A 340 square mile installation (217,337 acres), Fort Hood is the only post in the United States capable of stationing and training two Armored Divisions. The rolling, semiarid terrain is ideal for multifaceted training and testing of military units and individuals. Located adjacent to the town of Killeen in central Texas, Fort Hood is approximately 70 miles north of Austin, 70 miles south of Waco, and 130 miles south of Dallas. Fort Hood's primary mission is the training, housing, and support of III Corps units. It is the Army's premier installation for training and deploying heavy forces, and it plays a key role in army modernization and testing of new equipment and systems.
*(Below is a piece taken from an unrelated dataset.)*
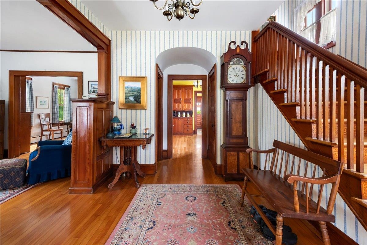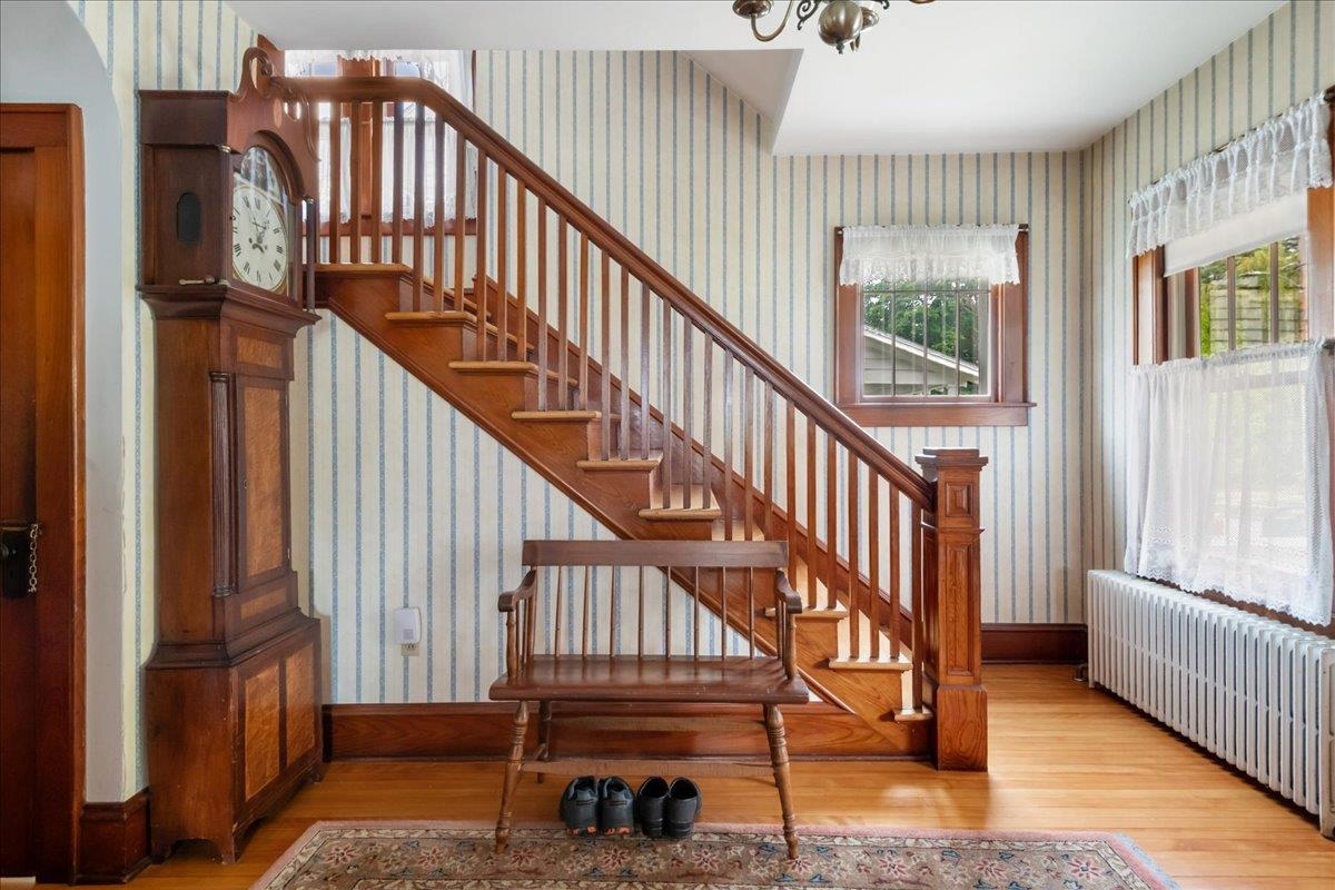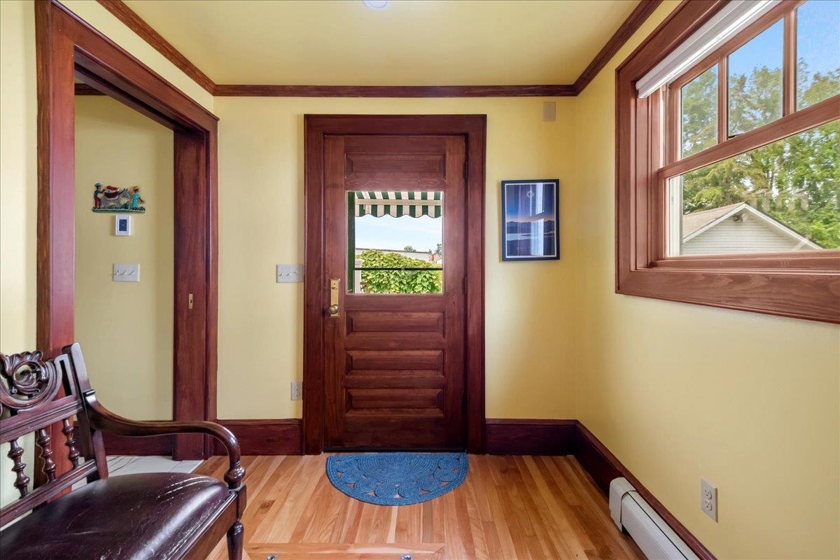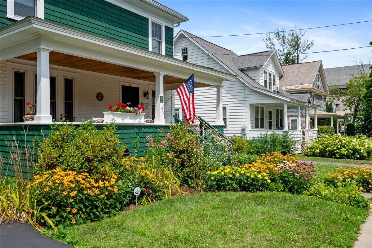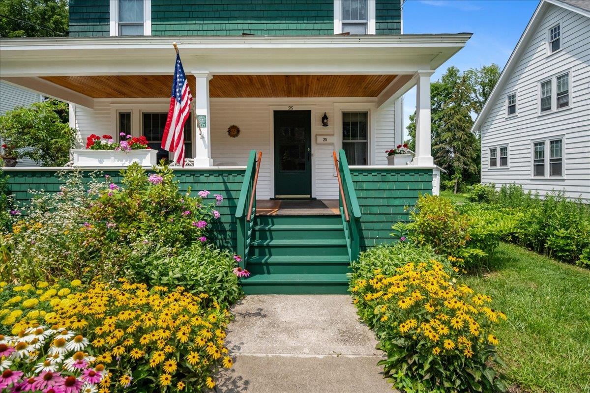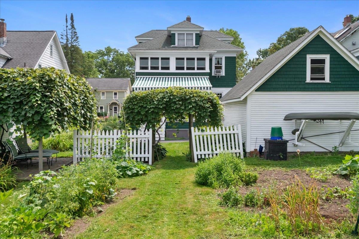 Meticulously maintained & beautifully updated, this classic home is full of timeless charm & character! Nestled on a peaceful side street near the UVM campus, this home offers a blend of history, comfort & convenience. Vibrant perennial gardens greet you, leading to a spacious front porch ideal for relaxation. The welcoming foyer showcases stunning original hardwood flooring & woodwork that flows throughout the home. The living room features built-in cabinetry, creating a cozy & functional space that connects seamlessly to the formal dining room & kitchen. The sun-filled kitchen boasts extensive cabinetry & storage on every wall. At the back of the home, there's a convenient 3/4 bath with radiant heat flooring & 2 shower heads, and a mudroom with access to the back deck, yard & gardens-your own private oasis! The second floor includes 3 bedrooms, a 3/4 bath & den/office. One bedroom even features its own private porch! The finished attic level provides a great storage space, while the lower level offers a cozy rec room with a gas stove, half bath, laundry & unfinished storage with built-in shelving. The backyard is a true retreat with a retractable awning over the deck, a firepit, extensive garden space beyond a charming pergola, and a patio shaded by lush Concord grape vines, which ripen in September. Owned solar panels on the detached garage and a prime location near UVM, UVM Medical Center, I-89 & downtown Burlington make this home a must-see! Delayed showings begin 8/9/25 |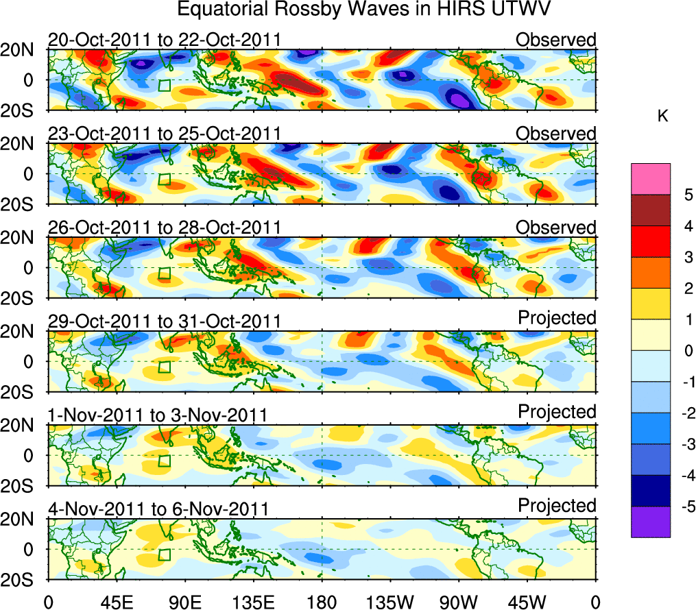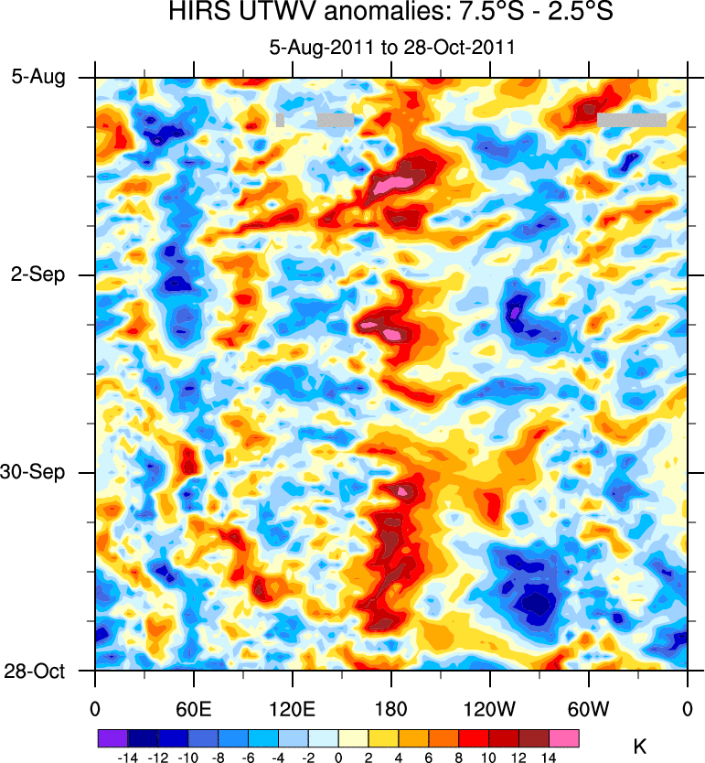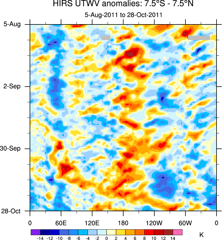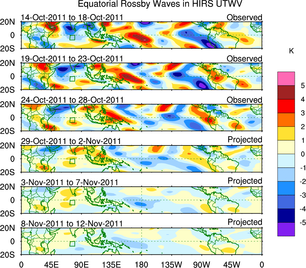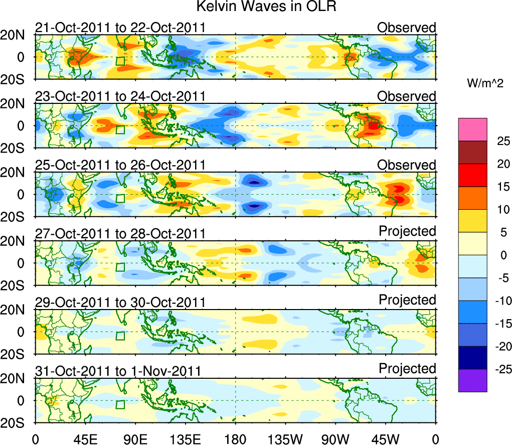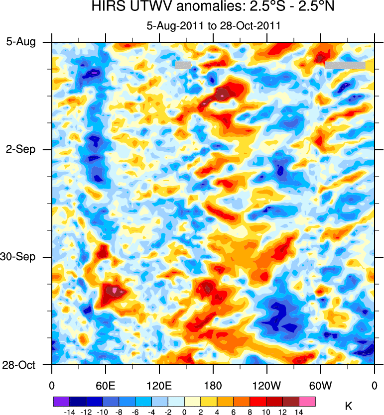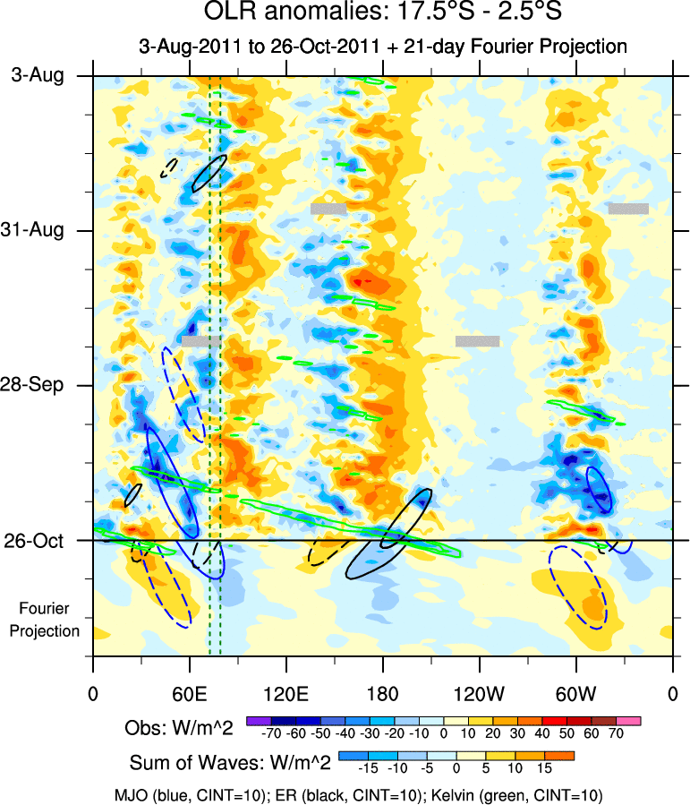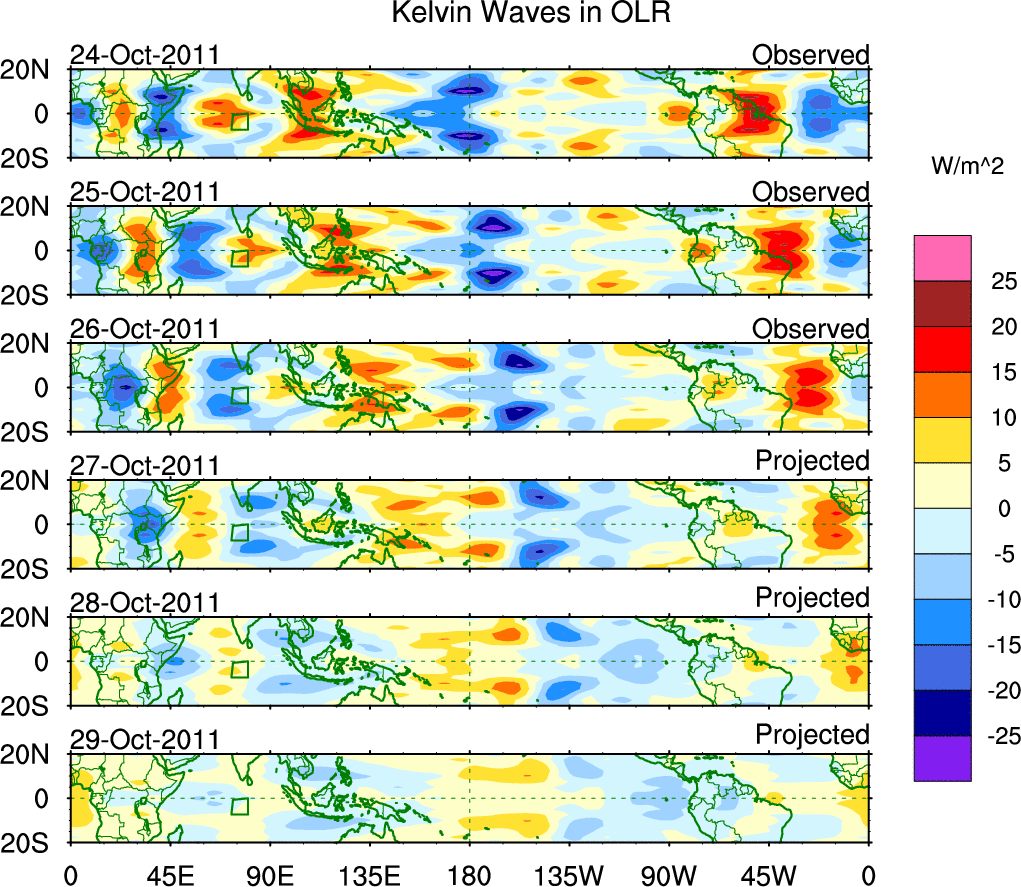 To identify tropical waves in near real-time, the OLR and UTWV data are filtered following Wheeler & Weickmann (2001 MWR). The daily anomalies are calculated using the first 3 harmonics of the seasonal cycle for 1979–2009. Missing values are then filled using linear interpolation in space and time. The most recent 365 days of anomalies are padded with 659 days of zeroes, and the result is filtered for each wave type.

The surrounding area is mostly rural, with several industrial complexes. The first train steamed into town in May 1882, giving birth to the city of Killeen, established by the Santa Fe Railroad and named for one of its officials, Frank P. Killeen. The railroad positioned Killeen as the central shipping point for the surrounding agricultural area. Throughout the late 1800s up to 1942, Killeen remained a small but bustling rural community of less than 2,000 residents. In 1950, Killeen's future was secured when Congress designated Camp Hood as Fort Hood, a permanent installation.
Fort Hood's primary mission is the training, housing, and support of III Corps units. It is the Army's premier installation for training and deploying heavy forces, and it plays a key role in army modernization and testing of new equipment and systems. Fort Hood also supports other assigned and tenant organizations, the U.S. Army Reserve, the National Guard, the Reserve Officer Training Corps, and reservists from other military services. Fort Hood is home to III Corps, 1st Cavalry Division, 4th Infantry Division, 13th Corps Support Command, and eight other brigade-sized units. There are 53 battalions stationed at the installation. This represents one-fifth of the deployable forces of the U.S. Army.
There are over 41,400 military and 3,500 Department of the Army civilians assigned to Fort Hood. The total daytime population exceeds 71,000. This population includes the military, civilians, contractors, and family members living on post. The Fort Hood-supported population, which includes retirees, survivors, and their family members, is approximately 182,600.